Tegan And Sara: So Jealous
Tegan And Sara's 2000 debut This Business Of Art was recorded when the Canadian twins were teenagers, and still actively courting the same acoustic-alternative audience that worships Ani DiFranco and Indigo Girls. By the time of 2002's If It Was You, Tegan And Sara had absorbed the off-kilter power-pop of its countrymen in The New Pornographers, as well as Ryan Adams' lessons on how to insert '80s rock muscle into deceptively simple folk songs. The sisters beef up even more on So Jealous, which possesses some of the cooing cool of Missing Persons, reconceived for the post-Breeders era.
"You Wouldn't Like Me" tells the band's musical story, starting with a rhythmically strummed acoustic guitar, then adding a matching electric and a buzzing layer of synthesizer. The drums and bass kick in a minute later, but the song already feels like an oddball arena rocker, right down to the narcissistic sad-sack chorus: "I feel like I wouldn't like me if I met me." Over the next 13 songs, Tegan And Sara treats cutesy girl-pop like modeling clay, converting the briskly booming "Take Me Anywhere," the icy power ballad "Downtown," and the spinning, pumping "Speak Slow" into aggressive demands for attention, affection, and respect.

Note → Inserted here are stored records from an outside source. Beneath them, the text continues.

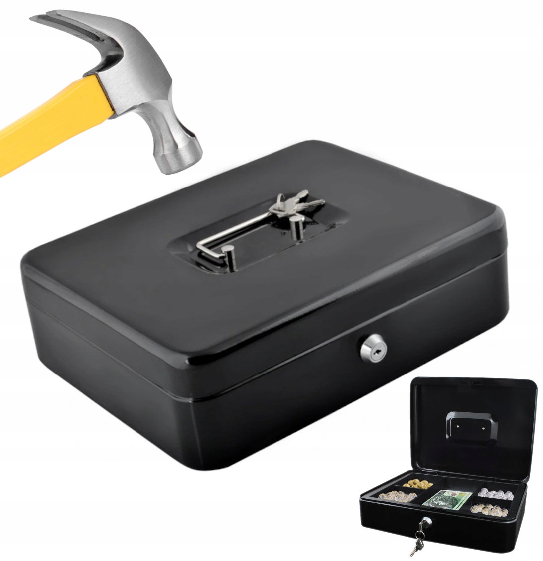 - Продукт, виготовлений із пресованого сталевого листа, лакована. Кришка, встановлена на двох внутрішніх, сильних петлях. Хромована ручка, встановлена в поглибленні кришки, дозволяє встановити кілька касет один на одного. Він має прихований простір для зберігання - верхня частина видаляється, під ним ви можете приховати банкноти або інші предмети. 4 Використання сильного патентного замку забезпечує великий захист від доступу до несанкціонованих кас (у кожній шкатулці є 2 індивідуальні клавіші, які відповідають їй лише).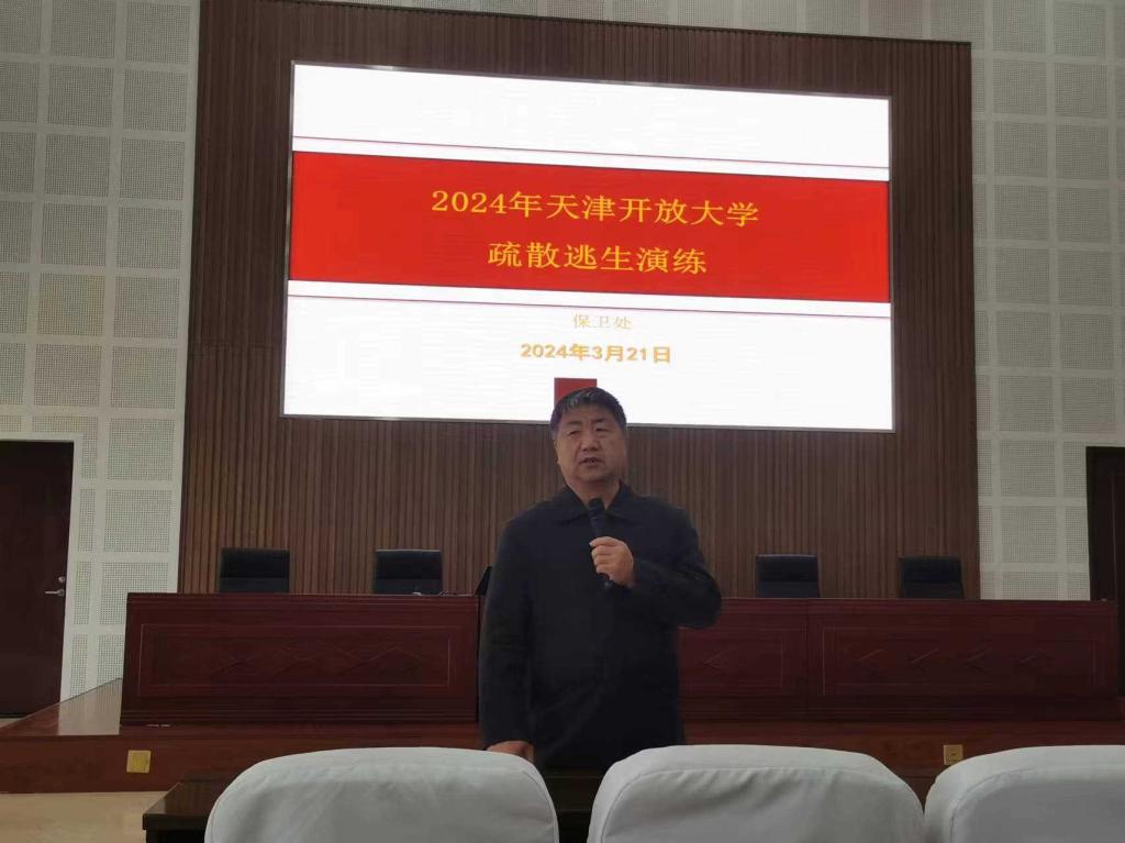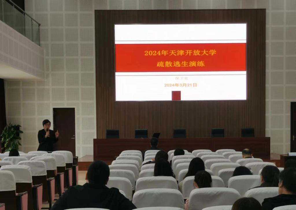 演练前,全体在校教职工、派遣人员、食堂、物业、保安、资产经营公司、天津海教园联合科技园发展有限公司、海教园大学科技园入驻企业人员观看了《2024年春季学校火灾疏散逃生演练公开课》,开展了消防安全相关知识的科普。保卫处负责人讲解了每栋楼宇设施情况、逃生路线基本常识、实操灭火演练注意事项等,要求各部门熟悉疏散逃生路线,掌握疏散逃生技能。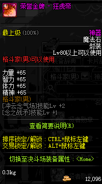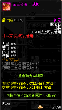 | 辅助装备: | 全职业 鬼剑士 女鬼剑 女格斗 男格斗 神枪手 女枪手 魔法师 男法师 圣职者 暗夜使者 守护者 |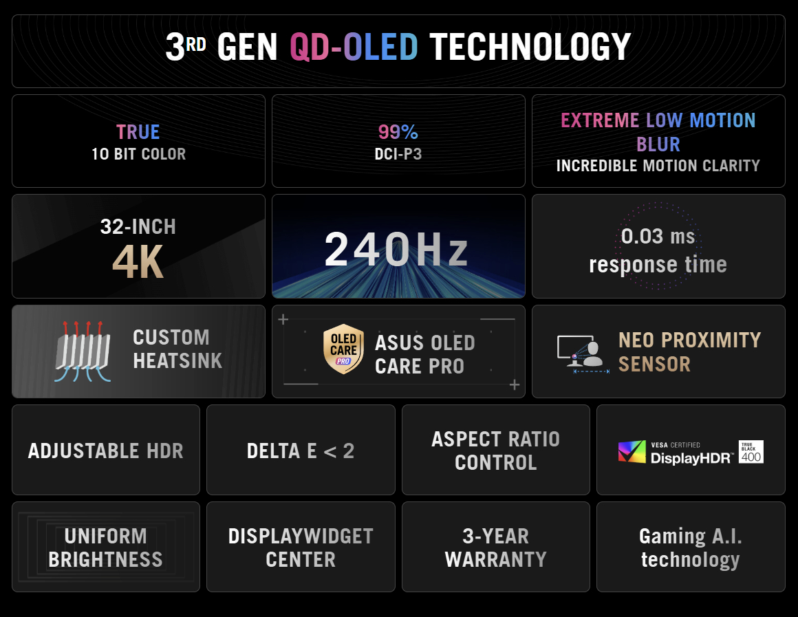Bez ostrzeżenia, Asus najwyraźniej dał Scan zielone światło do otwarcia zamówień przedpremierowych na ROG Strix OLED XG32UQDMS w Wielkiej Brytanii. Podsumowując, nowy monitor opiera się na tej samej technologii paneli QD-OLED 3. generacji, co starsze 32-calowe monitory do gier, takie jak ROG Swift OLED PG32UCDM (obecnie 1243 USD na Amazon). W związku z tym, ROG Strix OLED XG32UQDMS wyświetla obraz w rozdzielczości 4K i 240 Hz z czasem reakcji 0,03 ms GtG i certyfikatem VESA DisplayHDR 400 True Black.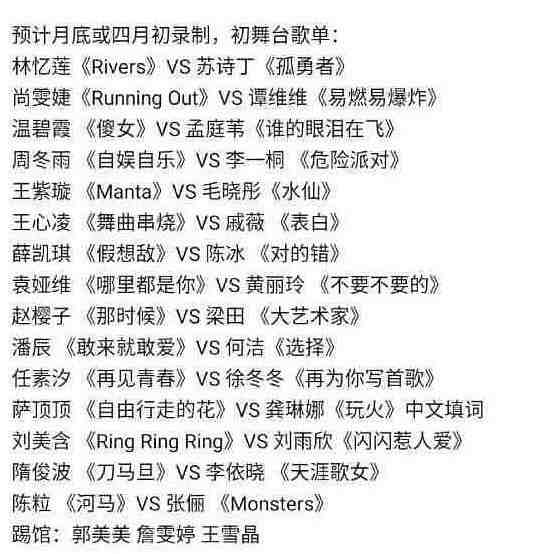 最後,最新網傳版本的浪姐3初舞台錄製名單也曝光,甚至連歌單都有啦!!!!!👇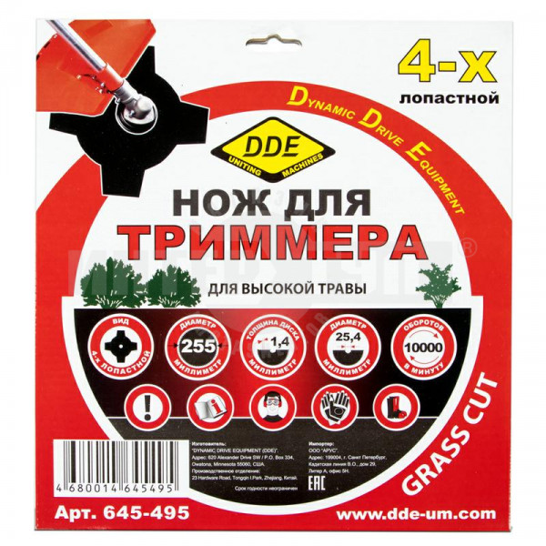 Четырех-лопастной диск DDE Grass Cut. Диск идеально подходит для густой и сочной травы. За счет дополнительной острой грани по густой траве производительность выше чем у трехлопастного на 24%. Важно! Необходимо тщательно следить за состоянием заточки режущих граней, и вовремя их подтачивать. Диск можно эксплуатировать со всеми типами и мощностями триммеров с прямой штангой, но лучшие показатели достигаются на триммерах мощностью от 1,3 лошадиных силы (объем двигателя 32см3).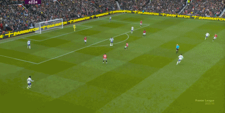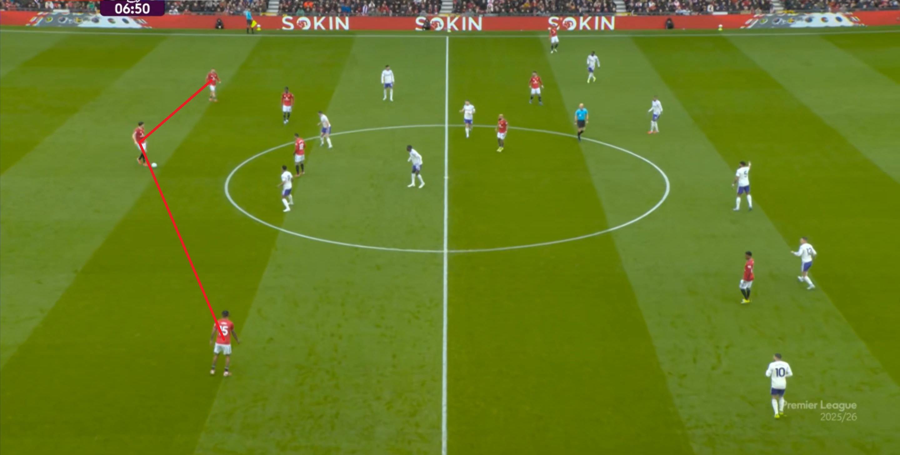 就在这次制造的前场界外球里,曼联转移到左路,从而制造了本场比赛的第一次进攻威胁,也就是上半场前半段只能打出来的传中: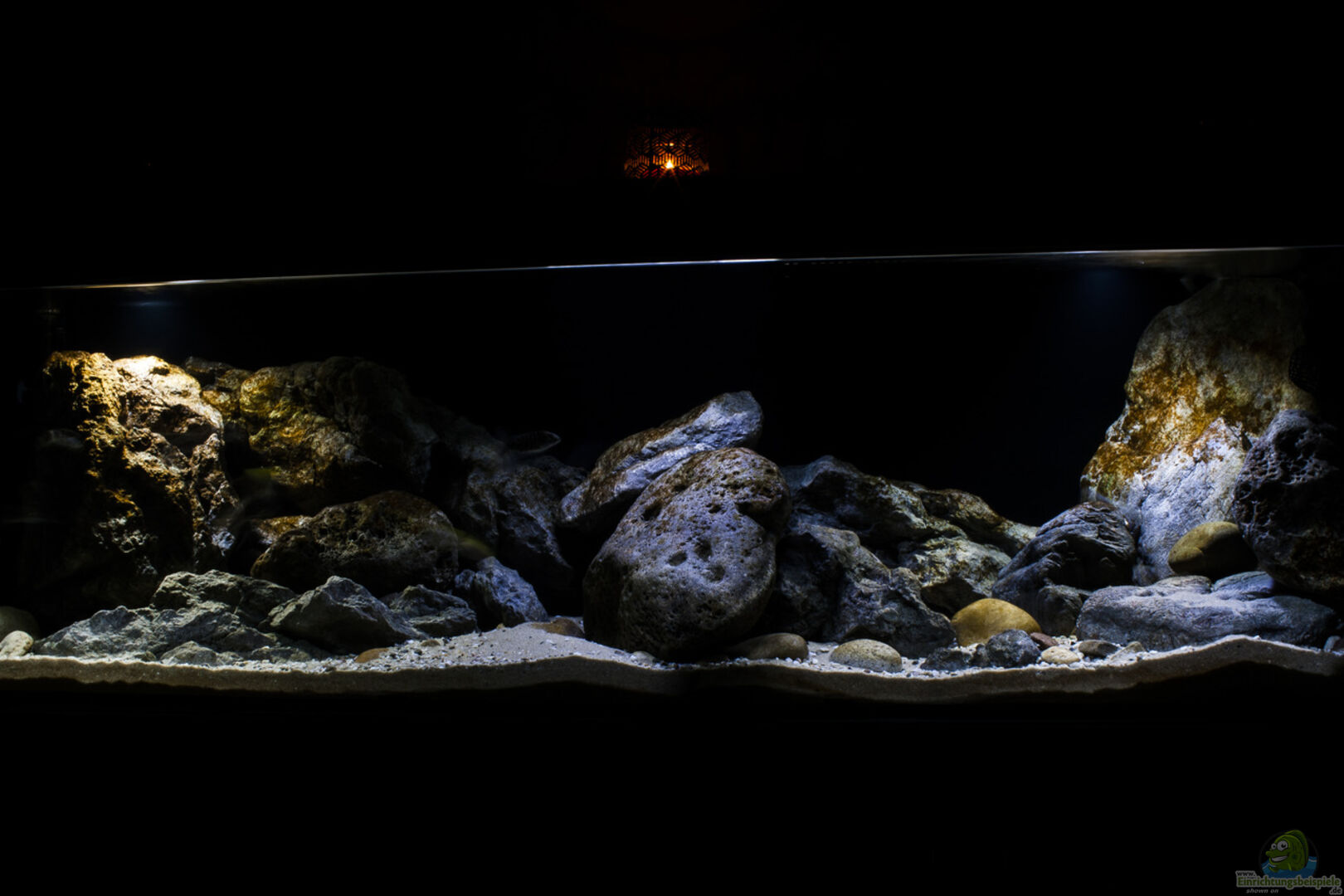 Ich habe mich dazu entschieden das Becken vor Ort von der Firma Aquariumbau Ennigerloh kleben zu lassen. Bilder vom Bau sind unten zu sehen. Die Seitenscheiben, sowie die hintere Scheibe wurden mit schwarzer D-C-Fix Folie beklebt, um im Becken eine entsprechende Tiefe zu erzeugen und damit die Schattenzonen noch mehr zur Geltung kommen. Als Unterschrank dient ein Stahlgestellt, welches komplett mit Holz verkleidet ist (4 Türen) und ebenfalls mit d-c-fix Folie foliert wurde (Buche & [...]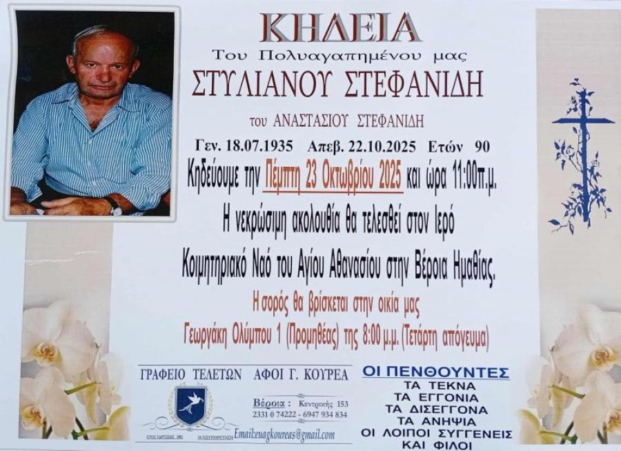 Κηδεύεται αύριο Πέμπτη 23 Οκτωβρίου 2025 και ώρα 11,00 το πρωί, ο Στυλιανός, Αναστασίου, Στεφανίδης, 90 ετών. Η νεκρώσιμη ακολουθία θα τελεσθεί στον Ιερό Ναό του Αγίου Αθανασίου (Κοιμητήρια), στη Βέροια.

The brittle harmonies make So Jealous a little tough to warm up to, but combined with the thick-handled melodies and punchy arrangements, Tegan And Sara's look-at-us swagger generates drama. The album's peak arrives with the crashing "I Bet It Stung," where the sisters tell off would-be lovers by letting them they know where their priorities lie, singing "I love the rock 'n' roll" in a halting moan.